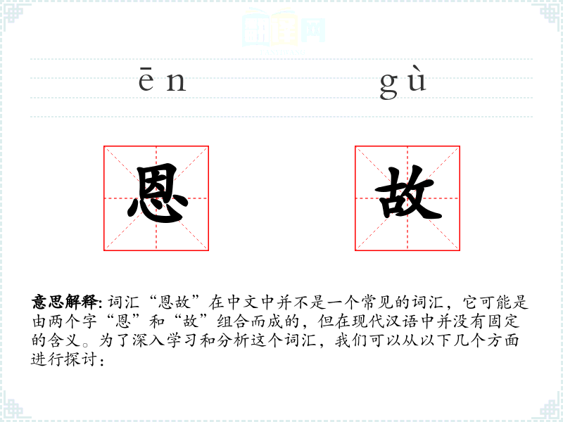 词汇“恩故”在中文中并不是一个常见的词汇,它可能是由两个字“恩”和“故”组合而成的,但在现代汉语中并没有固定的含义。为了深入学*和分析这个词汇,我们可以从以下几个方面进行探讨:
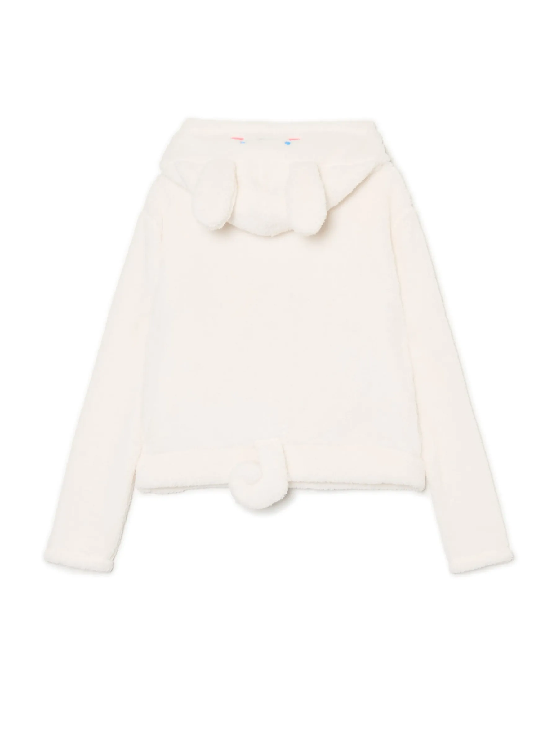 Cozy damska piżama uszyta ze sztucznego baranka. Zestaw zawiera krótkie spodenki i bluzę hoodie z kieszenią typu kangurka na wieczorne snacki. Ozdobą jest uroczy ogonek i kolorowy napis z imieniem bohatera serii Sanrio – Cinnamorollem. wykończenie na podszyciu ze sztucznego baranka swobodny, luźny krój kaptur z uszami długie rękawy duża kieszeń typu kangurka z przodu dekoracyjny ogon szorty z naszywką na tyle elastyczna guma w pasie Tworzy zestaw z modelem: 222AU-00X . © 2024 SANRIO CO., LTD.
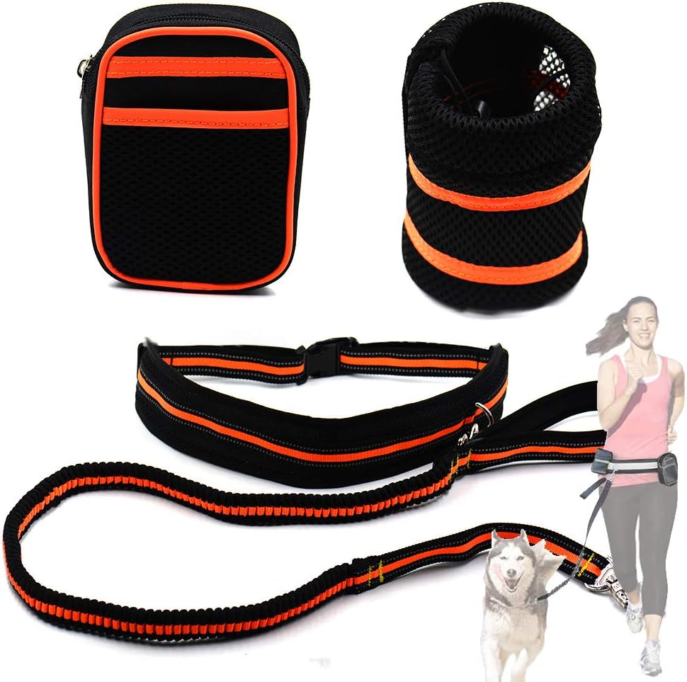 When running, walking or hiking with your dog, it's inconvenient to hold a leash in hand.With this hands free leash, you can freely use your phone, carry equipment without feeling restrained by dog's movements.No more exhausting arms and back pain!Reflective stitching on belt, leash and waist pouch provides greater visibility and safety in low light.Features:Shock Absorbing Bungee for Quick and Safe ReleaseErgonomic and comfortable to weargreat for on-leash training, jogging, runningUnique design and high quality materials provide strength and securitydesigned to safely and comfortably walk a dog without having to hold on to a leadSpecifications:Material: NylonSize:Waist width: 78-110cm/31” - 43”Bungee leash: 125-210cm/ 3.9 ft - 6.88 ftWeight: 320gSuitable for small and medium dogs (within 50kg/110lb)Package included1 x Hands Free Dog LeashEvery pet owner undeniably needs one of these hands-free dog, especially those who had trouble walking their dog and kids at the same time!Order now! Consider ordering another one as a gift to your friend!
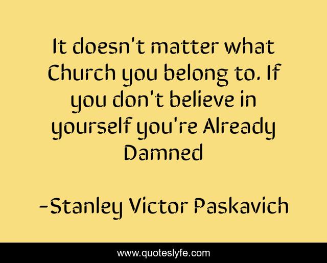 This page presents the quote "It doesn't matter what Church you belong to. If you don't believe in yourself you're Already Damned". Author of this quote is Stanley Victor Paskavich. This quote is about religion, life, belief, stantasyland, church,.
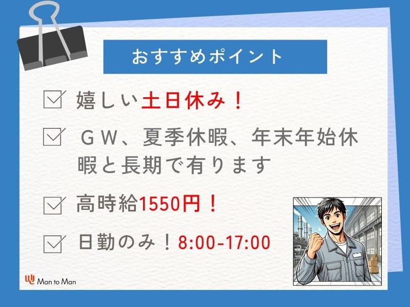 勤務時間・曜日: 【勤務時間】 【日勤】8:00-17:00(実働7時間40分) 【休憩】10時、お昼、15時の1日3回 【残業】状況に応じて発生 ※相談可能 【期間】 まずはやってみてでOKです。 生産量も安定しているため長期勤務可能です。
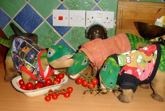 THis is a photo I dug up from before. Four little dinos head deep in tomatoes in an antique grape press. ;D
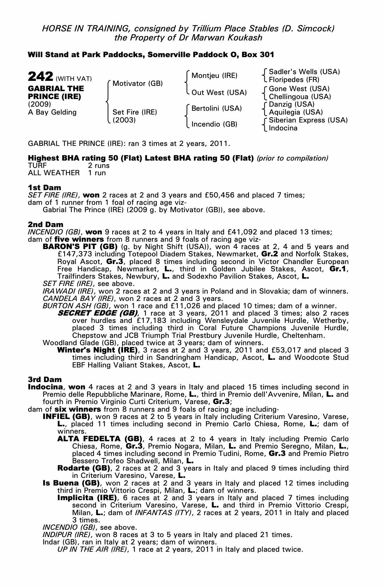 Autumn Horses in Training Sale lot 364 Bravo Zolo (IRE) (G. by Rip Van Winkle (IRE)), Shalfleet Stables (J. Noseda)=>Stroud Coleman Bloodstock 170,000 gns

- _Task to carry out_: Transcribe the whole listing, character for character, but not its images.

- _Task response_:
 词汇“恩故”在中文中并不是一个常见的词汇,它可能是由两个字“恩”和“故”组合而成的,但在现代汉语中并没有固定的含义。为了深入学*和分析这个词汇,我们可以从以下几个方面进行探讨:
 Cozy damska piżama uszyta ze sztucznego baranka. Zestaw zawiera krótkie spodenki i bluzę hoodie z kieszenią typu kangurka na wieczorne snacki. Ozdobą jest uroczy ogonek i kolorowy napis z imieniem bohatera serii Sanrio – Cinnamorollem. wykończenie na podszyciu ze sztucznego baranka swobodny, luźny krój kaptur z uszami długie rękawy duża kieszeń typu kangurka z przodu dekoracyjny ogon szorty z naszywką na tyle elastyczna guma w pasie Tworzy zestaw z modelem: 222AU-00X . © 2024 SANRIO CO., LTD.
 When running, walking or hiking with your dog, it's inconvenient to hold a leash in hand.With this hands free leash, you can freely use your phone, carry equipment without feeling restrained by dog's movements.No more exhausting arms and back pain!Reflective stitching on belt, leash and waist pouch provides greater visibility and safety in low light.Features:Shock Absorbing Bungee for Quick and Safe ReleaseErgonomic and comfortable to weargreat for on-leash training, jogging, runningUnique design and high quality materials provide strength and securitydesigned to safely and comfortably walk a dog without having to hold on to a leadSpecifications:Material: NylonSize:Waist width: 78-110cm/31” - 43”Bungee leash: 125-210cm/ 3.9 ft - 6.88 ftWeight: 320gSuitable for small and medium dogs (within 50kg/110lb)Package included1 x Hands Free Dog LeashEvery pet owner undeniably needs one of these hands-free dog, especially those who had trouble walking their dog and kids at the same time!Order now! Consider ordering another one as a gift to your friend!
 This page presents the quote "It doesn't matter what Church you belong to. If you don't believe in yourself you're Already Damned". Author of this quote is Stanley Victor Paskavich. This quote is about religion, life, belief, stantasyland, church,.
 勤務時間・曜日: 【勤務時間】 【日勤】8:00-17:00(実働7時間40分) 【休憩】10時、お昼、15時の1日3回 【残業】状況に応じて発生 ※相談可能 【期間】 まずはやってみてでOKです。 生産量も安定しているため長期勤務可能です。
 THis is a photo I dug up from before. Four little dinos head deep in tomatoes in an antique grape press. ;D
 Autumn Horses in Training Sale lot 364 Bravo Zolo (IRE) (G. by Rip Van Winkle (IRE)), Shalfleet Stables (J. Noseda)=>Stroud Coleman Bloodstock 170,000 gns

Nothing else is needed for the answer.